Top 10 expected trends for US employers to know in 2023
With slim majorities in Congress, the pace of legislative action is expected to remain slow. Aggressive federal rulemaking and enforcement in areas such as wage and hour, diversity, ESG and labor rights, will likely meet with continued resistance in the form of legal challenges and congressional oversight.
Multi-state compliance is also expected to remain burdensome as remote work takes hold and states and localities enact new laws on issues ranging from pay transparency, discrimination and harassment to leave rights and new technologies in the workplace.
In this report, we identify the latest developments and offer our predictions for 2023.

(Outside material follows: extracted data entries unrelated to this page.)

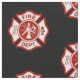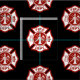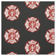 O símbolo da cruz maltesa do salvamento do fogo senta-se em um design modelado em um fundo preto.
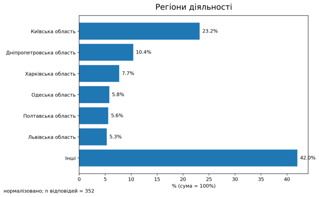 Більшість учасників ведуть локальний бізнес, що логічно: саме локальні компанії найшвидше відчувають зміну попиту, кадрові коливання та збої в інфраструктурі.
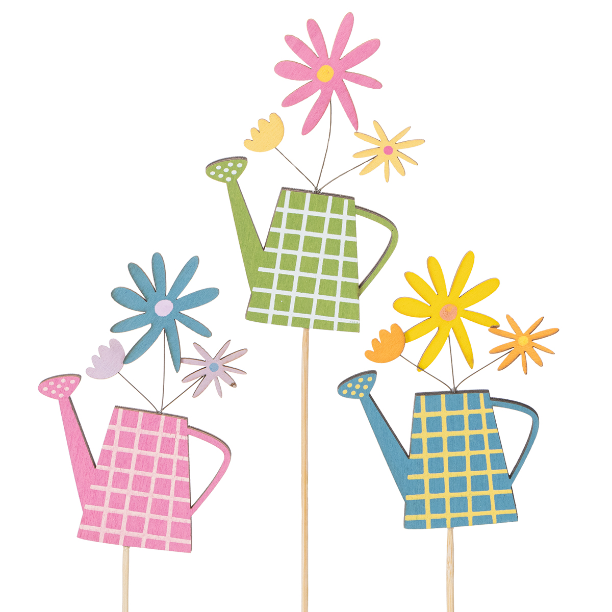 Estas estacas para regaderas impresionan por su meticuloso diseño floral de madera, que, gracias a la armonía de los colores rosa, verde y azul, resulta especialmente delicado y alegre. Con una altura total de 34,5 cm y un diámetro de 7 cm, se integran a la perfección en cualquier arreglo floral, aportando un toque de estilo. Ya sea en un romántico estilo rural o como un complemento divertido para una decoración moderna, estas estacas de jardín son versátiles y sin duda llamarán la atención.
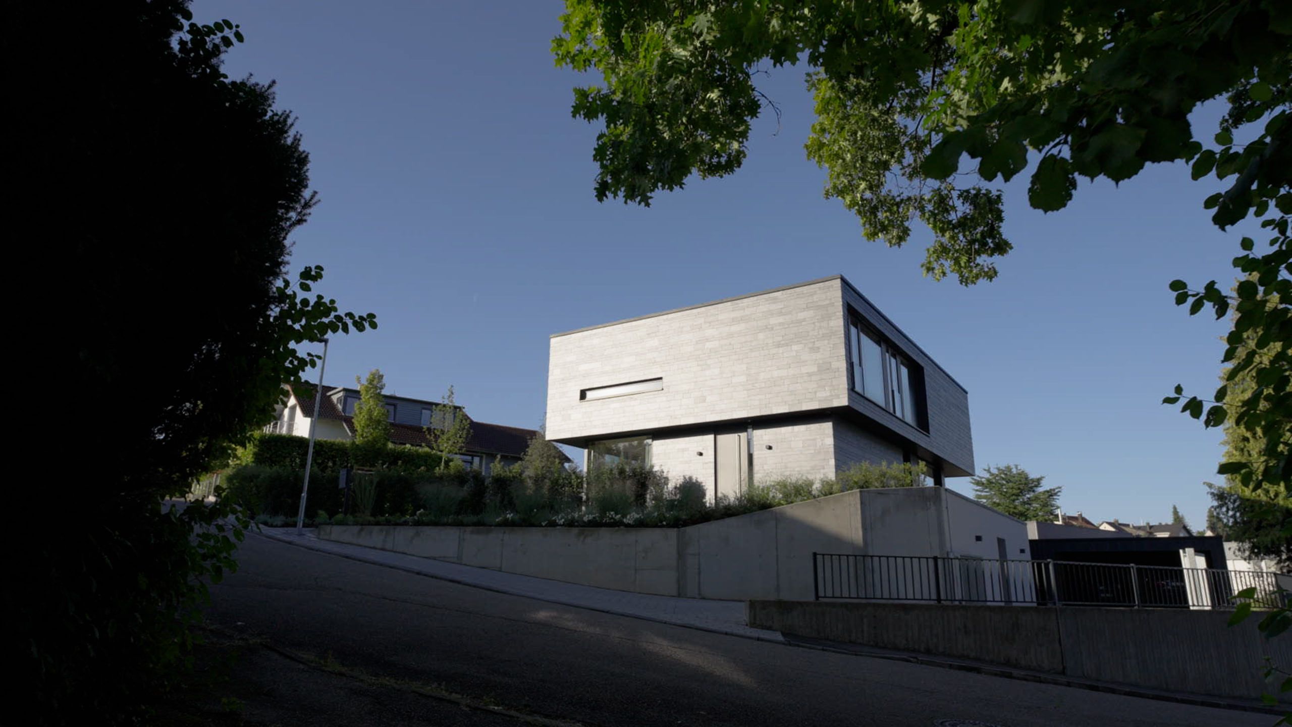 Ursprünglich hatten die Bauherren Julius und Helen Ohlenbusch geplant, das auf dem Eckgrundstück vorhandene Einfamilienhaus aus den 1950er-Jahren umfassend zu modernisieren. Doch schnell wurde den beiden klar, dass sie damit große Kompromisse bei Raumqualität, Statik und Energieeffizienz hätten eingehen müssen. Architekt Andreas Schoch vom beauftragten Büro architectoo schlug daraufhin einen vollständigen Neubau vor: „Durch den Abriss konnten wir die Grundstückssituation optimal nutzen und einen modernen Neubau entwickeln, der Nachhaltigkeit, großzügige Raumwirkung und weite Panorama-Aussichten optimal vereint.“
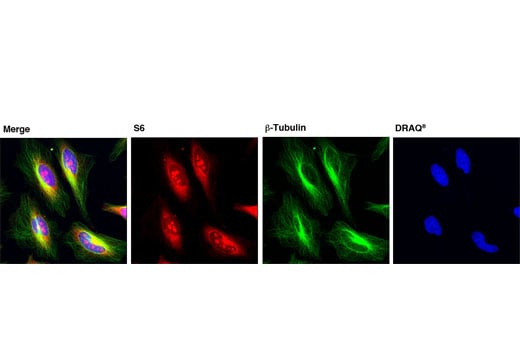 S6 Ribosomal Protein (54D2) Mouse mAb (Alexa Fluor® 555 Conjugate) detects endogenous levels of total S6 ribosomal protein independent of phosphorylation.
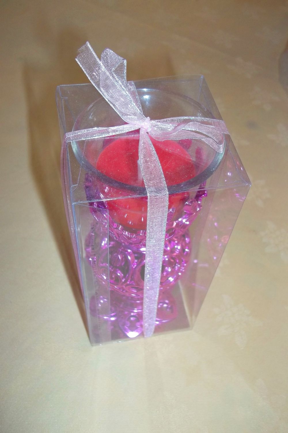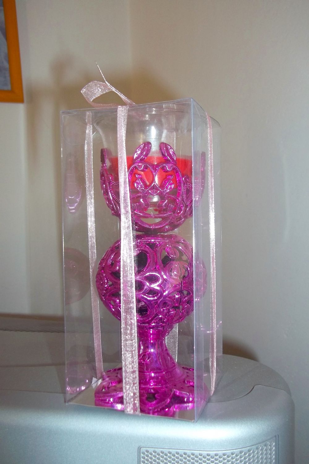 Descrizione:portalumino/candelina con struttura in plastica viola dorata,
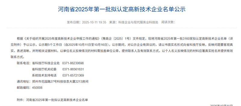 近日,河南省科技厅公示《河南省2025年第一批拟认定高新技术企业名单》。

1. More demands for transparency
From pay and diversity data, to discrimination and harassment claims, new laws are requiring employers to disclose more information than ever before.
Many lawmakers are prioritizing pay transparency. In 2022, various states and localities (eg, California, New York City, Washington) adopted salary posting and/or reporting requirements. Employers are watching for additional guidance and assessing compliance obligations, including for remote positions, and related risks (eg, pay discrimination claims, impact on competition for talent).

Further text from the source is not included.